= Lewis J. Paper =

Lewis J. Paper (born October 13, 1946) is an American Democratic Party politician, attorney, and author.

== Biography ==
He was born in Newark, New Jersey, the son of Dorothy and Sidney Paper. He is a 1968 graduate of the University of Michigan at Ann Arbor, with high distinction and honors in political science. He graduated from Harvard Law School in 1971, and as part of a fellowship with the Institute of Public Interest Representation, received his Master of Law from Georgetown Law School in 1972.

In 1967, he was a White House intern in the administration of President Lyndon B. Johnson.

From 1972 to 1973, he worked for the Washington, D.C.–based Citizens Communication Center, a public interest law firm specializing in broadcasting. He was the Legislative Counsel to U.S. senator Gaylord Nelson, Democrat of Wisconsin, from 1973 to 1975.
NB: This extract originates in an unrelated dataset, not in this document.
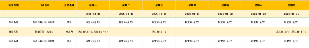 临港院区急诊系统门诊排班表
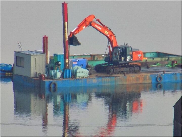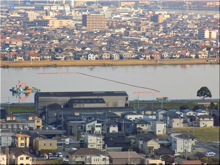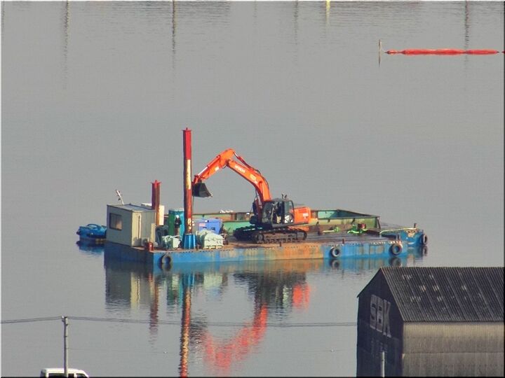 ご先祖様に手を合わせ、後は、ユックリと我が町を眺望です。芦田川大橋から少し上流では、また、川底の土砂を掘る浚渫(しゅんせつ)工事が行われておりました。

After returning to New Jersey in 1975, he was an associate at the Newark law firm of Lowenstein Sandler.

In 1977, Paper became the Democratic nominee for New Jersey State Senator in the 25th district, which included parts of Essex, Morris and Passaic counties. His opponent was three-term Republican James Wallwork. Paper was defeated by more 12,421 votes—35,517 to 23,096–61%-39%. This was Paper's first and only bid for public office.

After his loss in the state Senate race, Paper moved back to Washington to take a post in the Carter administration. He was the assistant general counsel for agenda review and policy for the Federal Communications Commission from 1978 to 1981. He left after Carter lost his re-election bid.

Paper was a partner at four Washington law firms: Grove and Engelberg from 1981 to 1986, Keck, Mahin and Cate, from 1986 until the firm's collapse in 1997, Dickstein Shapiro from 1997 to 2012, and Pillsbury Winthrop Shaw Pittman since 2012.

He is the author of six books: The Promise and the Performance: The Leadership of John F. Kennedy(1975), Brandeis: An Intimate Biography of One of America's Truly Great Supreme Court Justices (1983), Empire: William S Paley and the Making of CBS (1987), Deadly Risks (2008), Perfect: Don Larsen's Miraculous World Series Game and the Men Who Made It Happen (2009), and In the Cauldron: Terror, Tension, and the American Ambassador's Struggle to Avoid Pearl Harbor.